First of all, a standard Unicode Character Encoding Form could
be UTF-8, UTF-16, or UTF-32, but *not* SCSU, which is
not a Unicode Character Encoding Form at all, by Unicode Standard
definitions. (I realized that SCSU is a registered charset,
but that is an entirely different thing.)

draft-ietf-idnabis-rationale-00.txt states that:

  * A "U-label" is an IDNA-valid string of Unicode characters,
    expressed in a standard Unicode Encoding Form, normally
    UTF-8 in an Internet transmission context...

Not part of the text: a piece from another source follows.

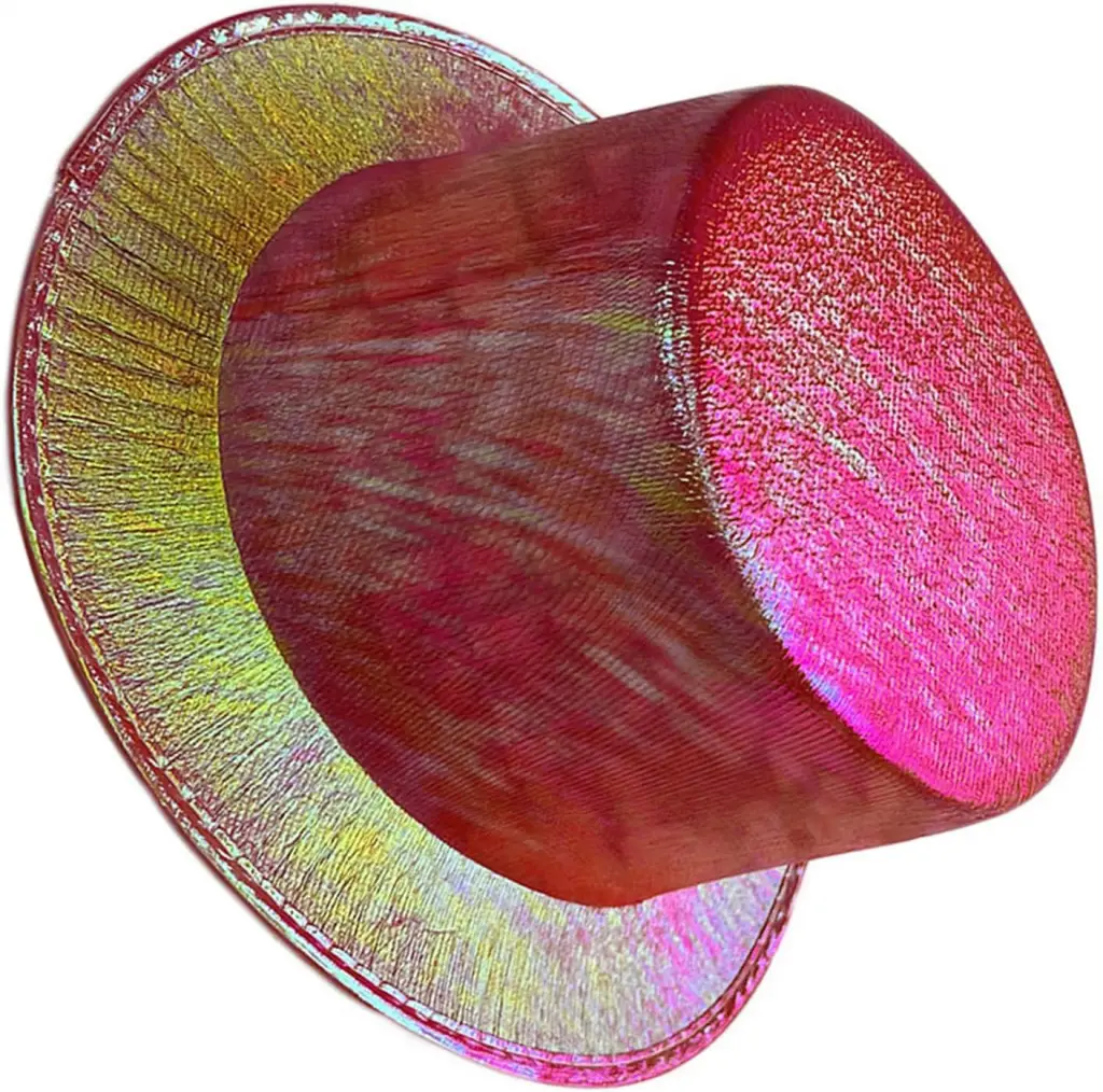 Kırmızı Renk Işıltılı Hologram Kumaş Kaplama Fötr Silindir Şapka Yetişkin Boy, partiler, festivaller ve diğer özel günler için mükemmel bir aksesuardır. 58 cm baş çevresi için uygundur ve ışıl ışıl parıldayan yeşil hologram kumaşla kaplıdır.

I assume the 2nd part is obvious in this discussion (i.e.
why UTF-8, rather than UTF-16 or UTF-32).

The reason why it should be a standard Unicode Encoding Form
can be seen from the proposed protocol definition:

draft-ietf-idnabis-protocol-01.txt requires that:

  Some system routine, or a localized front-end to the IDNA
  process, ensures that the proposed label is a Unicode string.
  That string MUST be in Unicode Normalization Form C.

Unicode text content compressed by the SCSU algorithm
is a sequence of bytes that is neither a Unicode string nor
in Normalization Form C. And it could be put in NFC only
by first extracting it from the compressed form into one
of the 3 Unicode Character Encoding Forms, and then
normalizing it by the UAX #15 algorithm -- which works on
Unicode strings (in standard Encoding Forms).

--Ken